There is a growing need for alternative in vivo models in biomedical research due to ethical considerations, regulatory restrictions, and the drive to reduce reliance on traditional mammalian models. The 3Rs principle (Replacement, Reduction, and Refinement) encourages the development of models that minimize animal use while maintaining scientific rigor. The chicken embryo is emerging as a powerful alternative, offering a versatile and ethically favourable platform for studying nanoparticle distribution, toxicology, and drug delivery. Its rapid development and well-defined vasculature make it particularly suitable for in vivo studies, while its ex ovo cultivation further enhances accessibility and manipulation possibilities.^[1]

In this study, laser ablation-inductively coupled plasma-time-of-flight mass spectrometry (LA-ICP-TOFMS) was employed to generate high-resolution elemental images from cross-sections of whole embryos, enabling a comprehensive multi-organ spatial distribution analysis of endogenous elements. This approach allows for the simultaneous investigation of major organs such as the heart, liver, stomach, intestine, gall bladder, bones, and brain within a single tissue thin section, providing valuable insights into organ-specific elemental signatures and biodistribution patterns.

To further enhance data interpretation, uniform manifold approximation and projection (UMAP)^[2] clustering was applied to the spatially resolved LA-ICP-TOFMS dataset, enabling data-depended classification of elemental signatures across different tissues. This dimensionality reduction method facilitates the identification of subtle biochemical variations and highlights the advantages of high-dimensional clustering for spectral analysis, especially in bioimaging.

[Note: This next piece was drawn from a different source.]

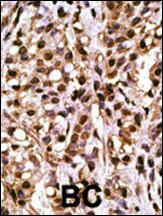 Formalin-fixed and paraffin-embedded human cancer tissue reacted with the primary antibody, which was peroxidase-conjugated to the secondary antibody, followed by DAB staining. This data demonstrates the use of this antibody for immunohistochemistry; clinical relevance has not been evaluated. BC = breast carcinoma; HC = hepatocarcinoma.
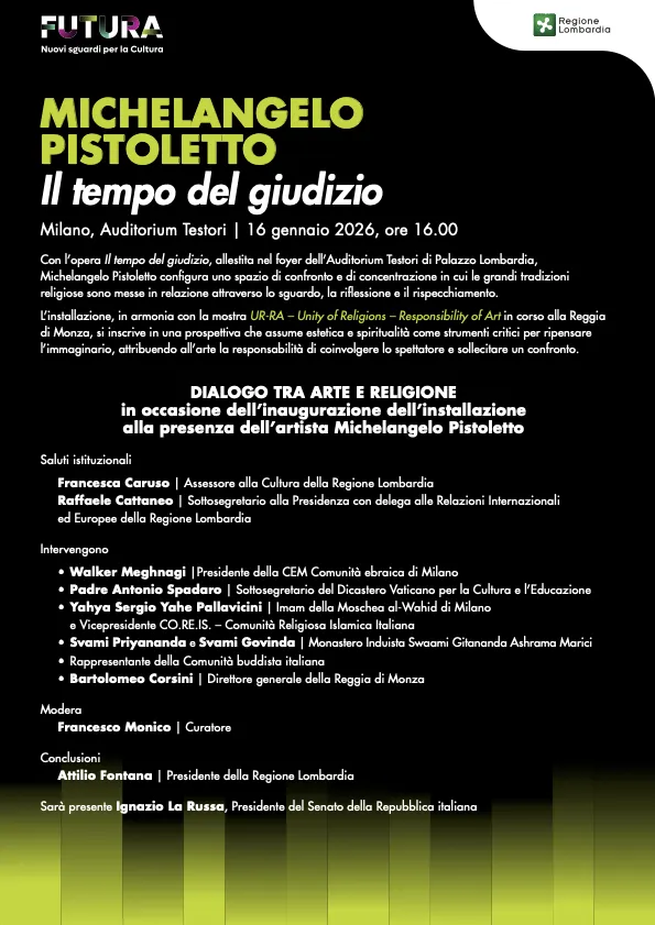 In occasione dell’inaugurazione, alla presenza dell’artista, si terrà alle ore 16.00 il Dialogo tra Arte e Religione, un momento pubblico di confronto che vedrà la partecipazione di rappresentanti delle principali comunità religiose e del mondo istituzionale e culturale. Dopo i saluti istituzionali di Francesca Caruso, Assessore alla Cultura della Regione Lombardia, e di Raffaele Cattaneo, Sottosegretario alla Presidenza con delega alle Relazioni Internazionali ed Europee, interverranno Walker Meghnagi, Presidente della Comunità Ebraica di Milano, Padre Antonio Spadaro, Sottosegretario del Dicastero Vaticano per la Cultura e l’Educazione, Yahya Sergio Yahe Pallavicini, Imam della Moschea al-Wahid di Milano e Vicepresidente CO.RE.IS., Svami Priyananda e Svami Govinda del Monastero induista Swaami Gitananda Ashrama Marici, un rappresentante della Comunità buddista italiana e Bartolomeo Corsini, Direttore generale della Reggia di Monza.

The findings demonstrate the high potential of the chicken embryo as an alternative in vivo model for biomedical applications in analytical chemistry, offering a scientifically robust and ethically aligned platform for studying complex biological processes. In combination with LA-ICP-TOFMS, this model provides exceptional spatial resolution, making it a powerful platform for investigating element-specific distributions and their physiological relevance.

References

[1] D. Ribatti Reproductive Toxicology, 2017, 70, 97-101.

[2] L. McInnes, J. Healy, J. Melville arXiv, 2018.